■ **Activity**: Make an exact copy of the records, with the pictures left out.

Stored dataset items:
+++

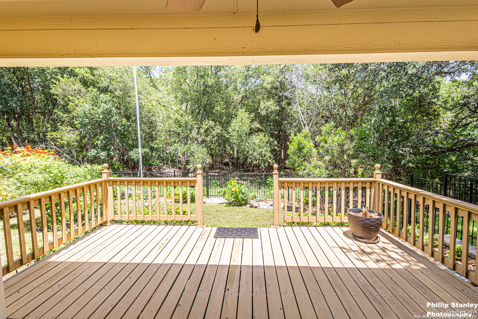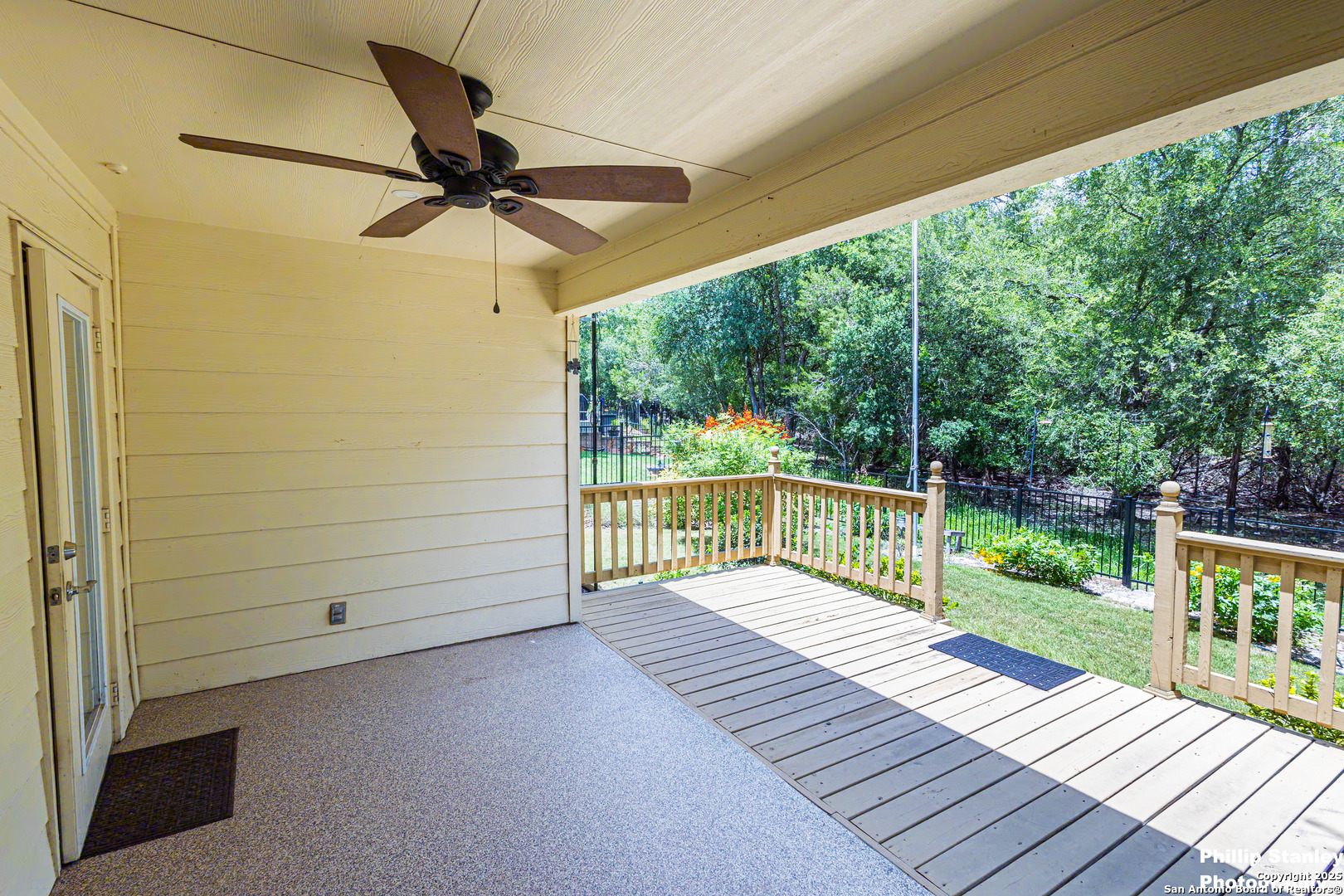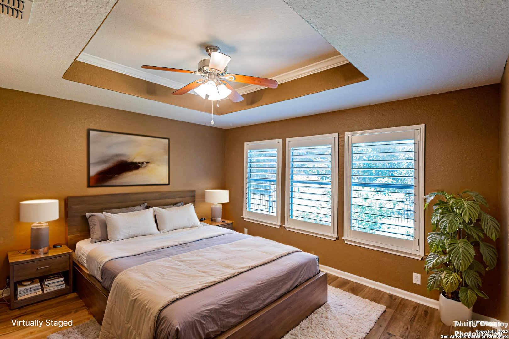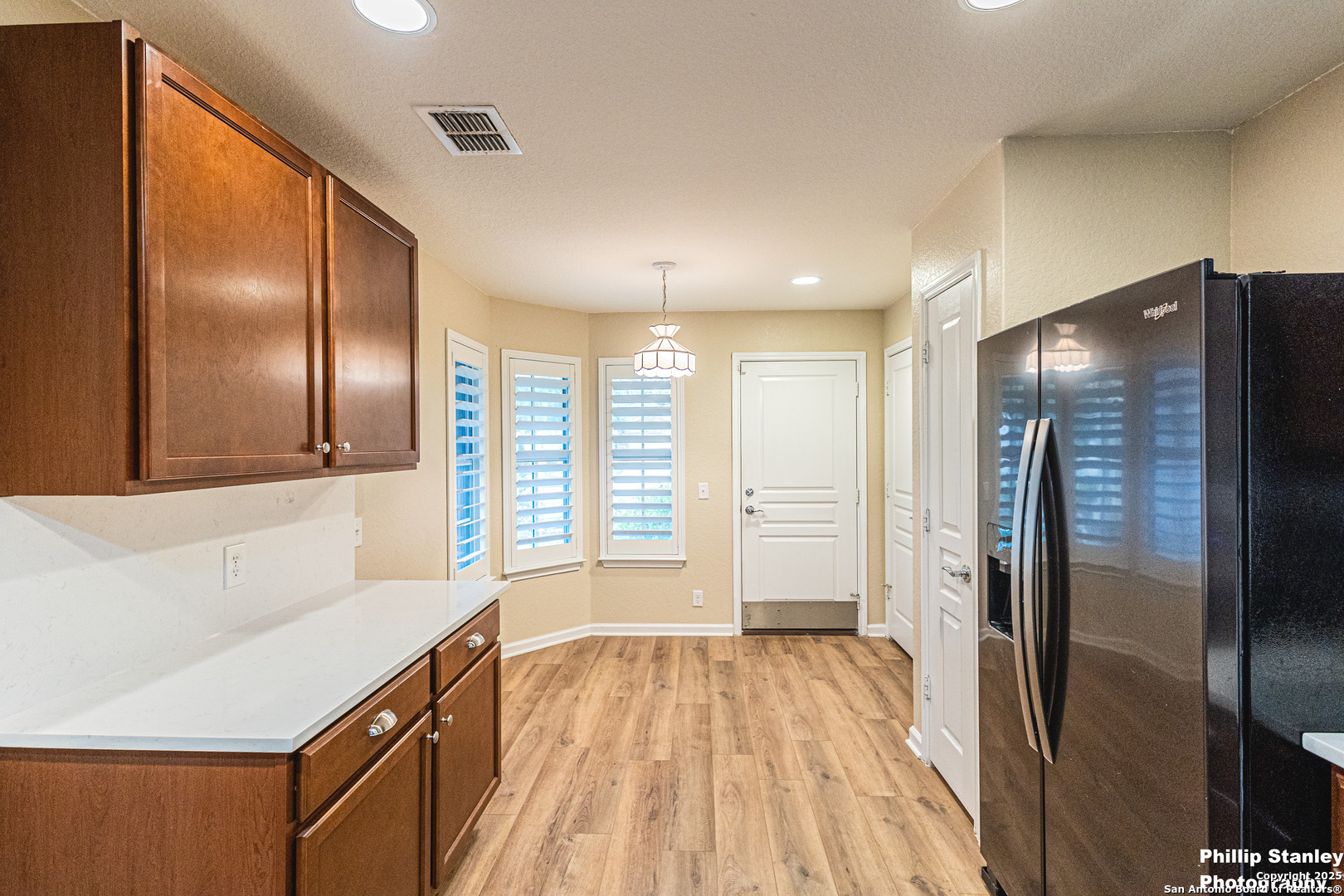 Impeccable Gem in Del Webb 55+ Hill Country Retreat: Welcome to this beautifully maintained one-story home that radiates pride of ownership at every turn. Featuring 2 bedrooms, 2 bathrooms, and a versatile flex room ideal for a home office, craft space, or cozy TV room. Step inside to find luxury vinyl plank flooring throughout, plantation shutters, elegant tray ceilings, and crown molding in both the primary suite and family room. The kitchen boasts solid surface countertops and all appliances, offering both style and function. Step outside to your extended covered patio and take in the serene beauty of a private backyard that backs to a lush greenbelt. It's the perfect spot to unwind while watching birds and deer pass by. Whether you're enjoying peaceful mornings or hosting evening gatherings, this home is truly a Hill Country retreat.
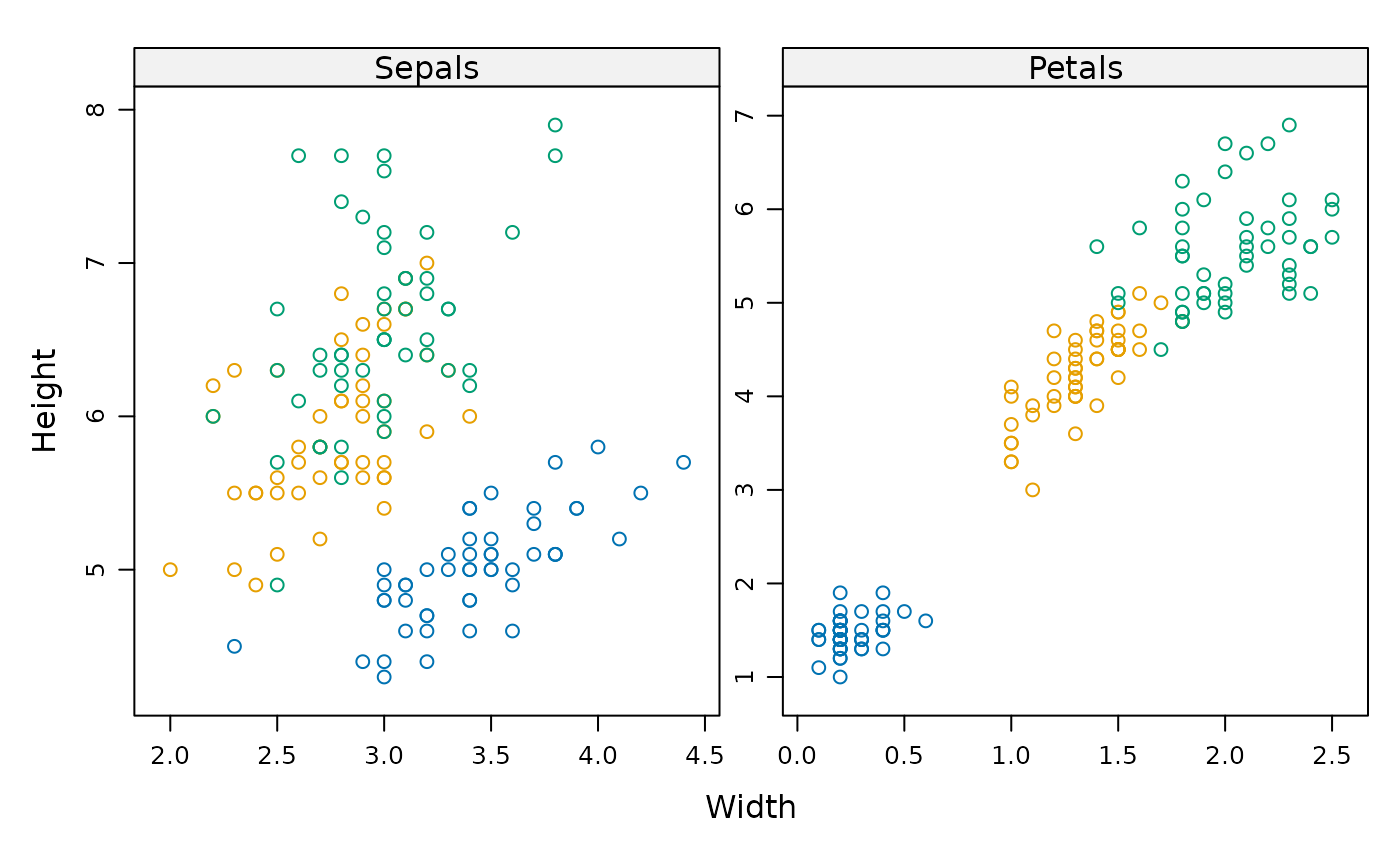 c(Sepals = sepals, Petals = petals, x.same = TRUE, y.same = TRUE)
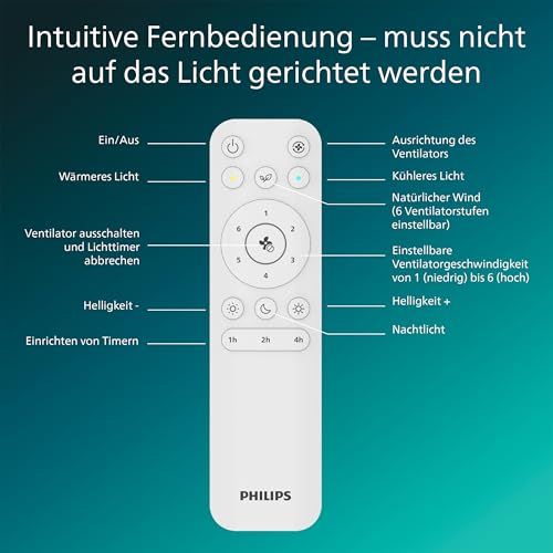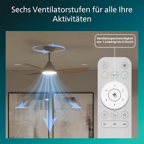 Philips LED Olas Deckenventilator 30 W mit Fernbedienung, Dimmbar
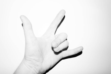 Love hand sign on white background
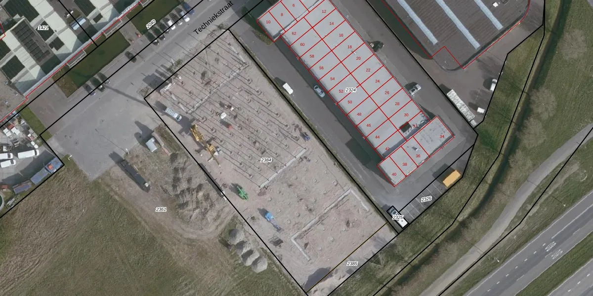 Het perceel waarop Techniekstraat 84 staat heeft een oppervlakte van 3133 m². Dit is een zeer groot perceel. De perceeloppervlakte wordt geregistreerd door het Kadaster. Gedetailleerde informatie over de maten van dit perceel kunt u vinden in het rapport Kadastrale kaart met maatvoering van Techniekstraat 84.
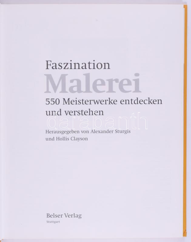 Description: Faszination Malerei. 550 Meisterwerke entdecken und verstehen. Hrsg. von Alexander Sturgis und Hollis Clayson. Stuttgart,2000,Belser. Német nyelven. Gazdag képanyaggal illusztrált. Kiadói kartonált papírkötés.
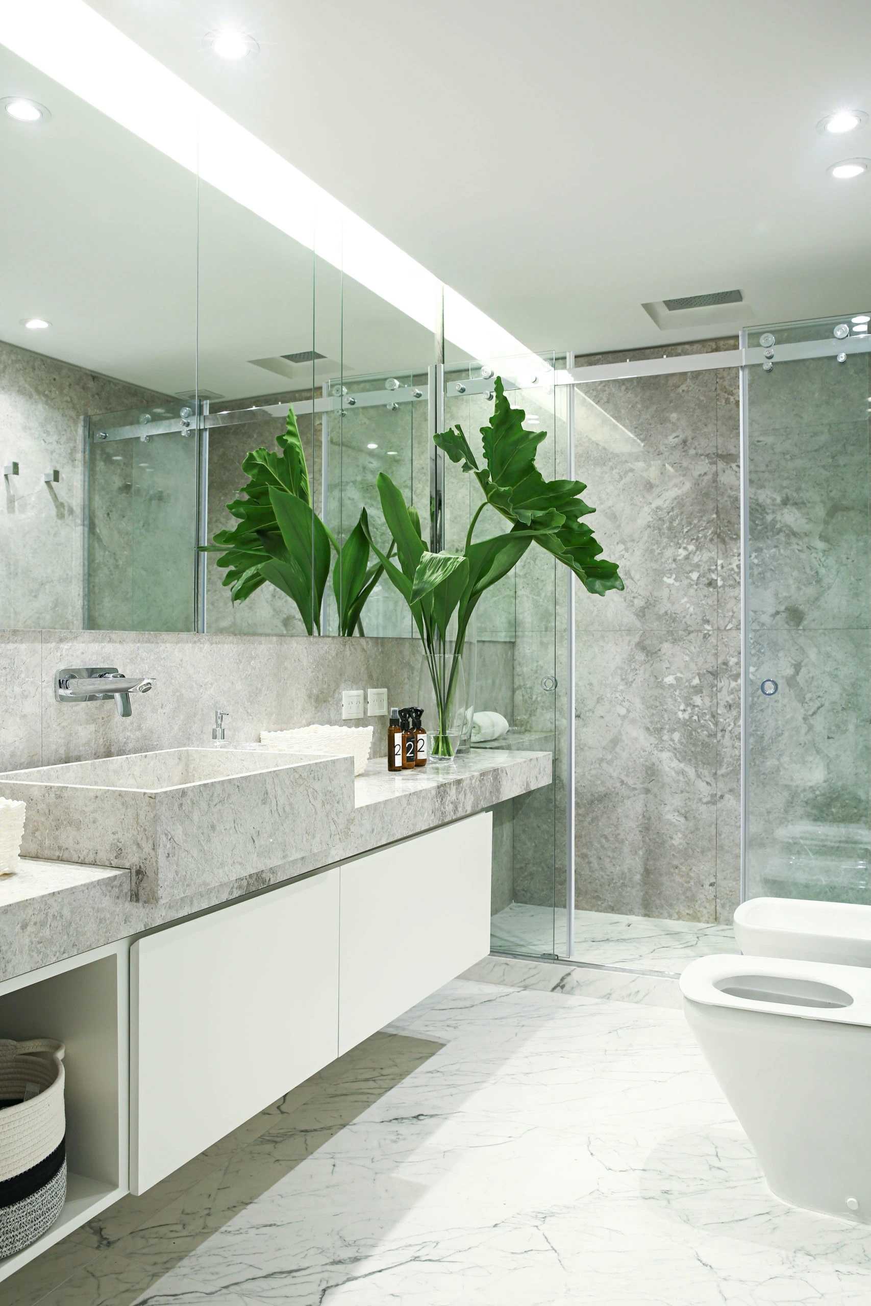 En la obra de remodelación del baño llevada adelante por @estudiomodocasa, se planificó utilizar materiales de fuerte durabilidad y sensibilidad estética. Finalmente, se decidieron por Laminan Statuarietto, una superficie blanca con vetas en tonos grisáceos. Además, sumaron un poco de color verde para otorgarle vida al espacio.
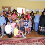Na zakończenie dzieci ustawiły się do wspólnego zdjęcia. Zanim aktorzy opuścili przedszkole, zostali nagrodzeni za występ: oprócz braw i podziękowań panie przedszkolanki poczęstowały wszystkich występujących słodyczami.
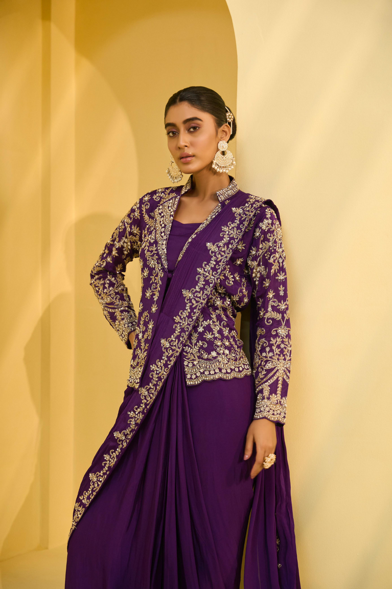 This designer Indo-western outfit features a multicolor embroidered short kurta paired with flared pants. The playful silhouette, vibrant detailing, and modern cut make it perfect for mehendi functions, festive gatherings, or intimate celebrations.
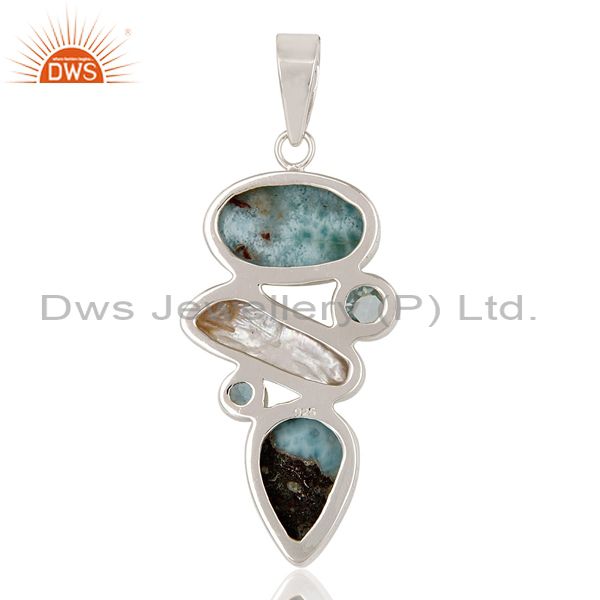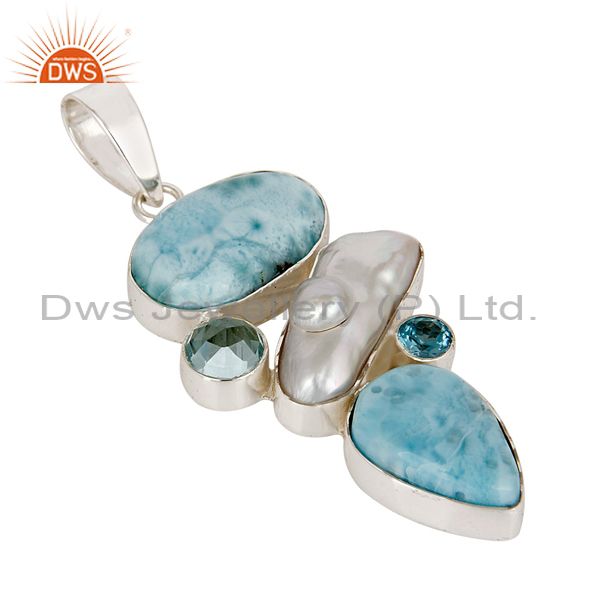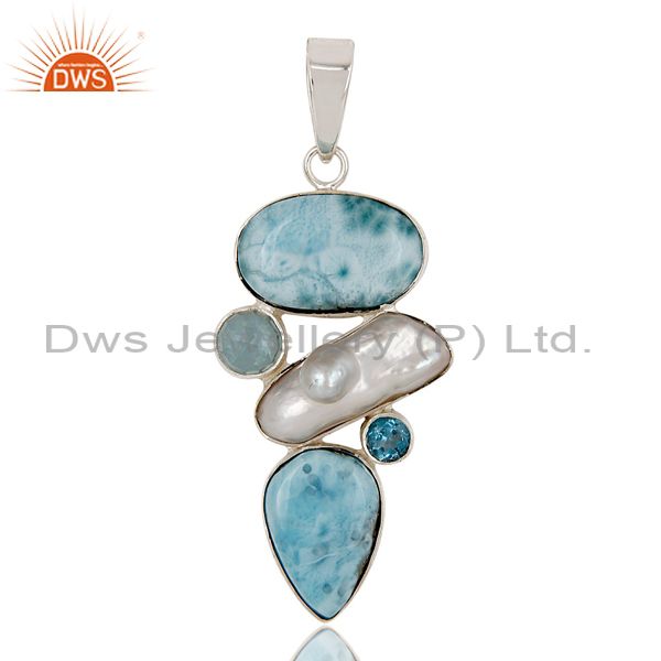 Larimar, Pearl & Blue Topaz 925 Sterling Silver Pendant
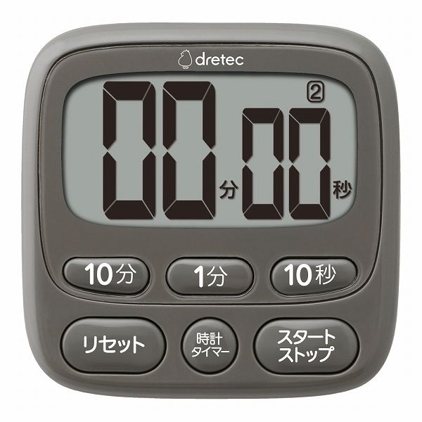 ドリテック(dretec) 抗菌時計付大画面タイマー ダークグレー 199分50秒計 T612DG(BTID802)
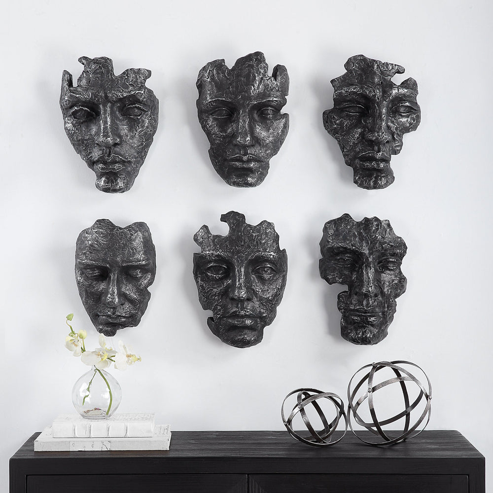 Inspired by works from modern art galleries, these masks are handcrafted with a sculpted look in a patinated steel gray finish with noticeable metallic details and texture.
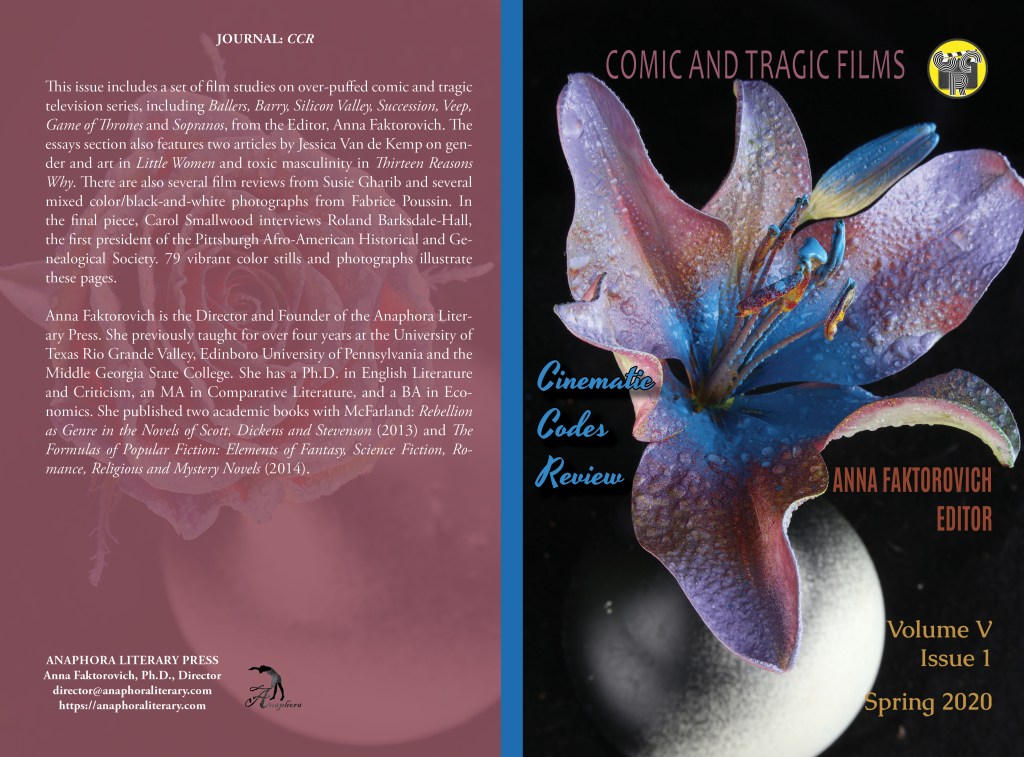 Comic and Tragic Films: Volume V, Issue 1, Spring 2020: (108pp, 6X9”, $25: ISBN: 979-8-65018-114-9; 79 color illustrations; Nonfiction—Performing Arts—Film & Video—History & Criticism; Purchase on Amazon or Barnes & Noble): This issue includes a set of film studies on over-puffed comic and tragic television series, including Ballers, Barry, Silicon Valley, Succession, Veep, Game of Thrones and Sopranos, from the Editor, Anna Faktorovich. The essays section also features two articles by Jessica Van de Kemp on gender and art in Little Women and toxic masculinity in Thirteen Reasons Why. There are also several film reviews from Susie Gharib and several mixed color/black-and-white photographs from Fabrice Poussin. In the final piece, Carol Smallwood interviews Roland Barksdale-Hall, the first president of the Pittsburgh Afro-American Historical and Genealogical Society. 79 vibrant color stills and photographs illustrate these pages.

+++

■ **Solution**:
 Impeccable Gem in Del Webb 55+ Hill Country Retreat: Welcome to this beautifully maintained one-story home that radiates pride of ownership at every turn. Featuring 2 bedrooms, 2 bathrooms, and a versatile flex room ideal for a home office, craft space, or cozy TV room. Step inside to find luxury vinyl plank flooring throughout, plantation shutters, elegant tray ceilings, and crown molding in both the primary suite and family room. The kitchen boasts solid surface countertops and all appliances, offering both style and function. Step outside to your extended covered patio and take in the serene beauty of a private backyard that backs to a lush greenbelt. It's the perfect spot to unwind while watching birds and deer pass by. Whether you're enjoying peaceful mornings or hosting evening gatherings, this home is truly a Hill Country retreat.
 c(Sepals = sepals, Petals = petals, x.same = TRUE, y.same = TRUE)
 Philips LED Olas Deckenventilator 30 W mit Fernbedienung, Dimmbar
 Love hand sign on white background
 Het perceel waarop Techniekstraat 84 staat heeft een oppervlakte van 3133 m². Dit is een zeer groot perceel. De perceeloppervlakte wordt geregistreerd door het Kadaster. Gedetailleerde informatie over de maten van dit perceel kunt u vinden in het rapport Kadastrale kaart met maatvoering van Techniekstraat 84.
 Description: Faszination Malerei. 550 Meisterwerke entdecken und verstehen. Hrsg. von Alexander Sturgis und Hollis Clayson. Stuttgart,2000,Belser. Német nyelven. Gazdag képanyaggal illusztrált. Kiadói kartonált papírkötés.
 En la obra de remodelación del baño llevada adelante por @estudiomodocasa, se planificó utilizar materiales de fuerte durabilidad y sensibilidad estética. Finalmente, se decidieron por Laminan Statuarietto, una superficie blanca con vetas en tonos grisáceos. Además, sumaron un poco de color verde para otorgarle vida al espacio.
Na zakończenie dzieci ustawiły się do wspólnego zdjęcia. Zanim aktorzy opuścili przedszkole, zostali nagrodzeni za występ: oprócz braw i podziękowań panie przedszkolanki poczęstowały wszystkich występujących słodyczami.
 This designer Indo-western outfit features a multicolor embroidered short kurta paired with flared pants. The playful silhouette, vibrant detailing, and modern cut make it perfect for mehendi functions, festive gatherings, or intimate celebrations.
 Larimar, Pearl & Blue Topaz 925 Sterling Silver Pendant
 ドリテック(dretec) 抗菌時計付大画面タイマー ダークグレー 199分50秒計 T612DG(BTID802)
 Inspired by works from modern art galleries, these masks are handcrafted with a sculpted look in a patinated steel gray finish with noticeable metallic details and texture.
 Comic and Tragic Films: Volume V, Issue 1, Spring 2020: (108pp, 6X9”, $25: ISBN: 979-8-65018-114-9; 79 color illustrations; Nonfiction—Performing Arts—Film & Video—History & Criticism; Purchase on Amazon or Barnes & Noble): This issue includes a set of film studies on over-puffed comic and tragic television series, including Ballers, Barry, Silicon Valley, Succession, Veep, Game of Thrones and Sopranos, from the Editor, Anna Faktorovich. The essays section also features two articles by Jessica Van de Kemp on gender and art in Little Women and toxic masculinity in Thirteen Reasons Why. There are also several film reviews from Susie Gharib and several mixed color/black-and-white photographs from Fabrice Poussin. In the final piece, Carol Smallwood interviews Roland Barksdale-Hall, the first president of the Pittsburgh Afro-American Historical and Genealogical Society. 79 vibrant color stills and photographs illustrate these pages.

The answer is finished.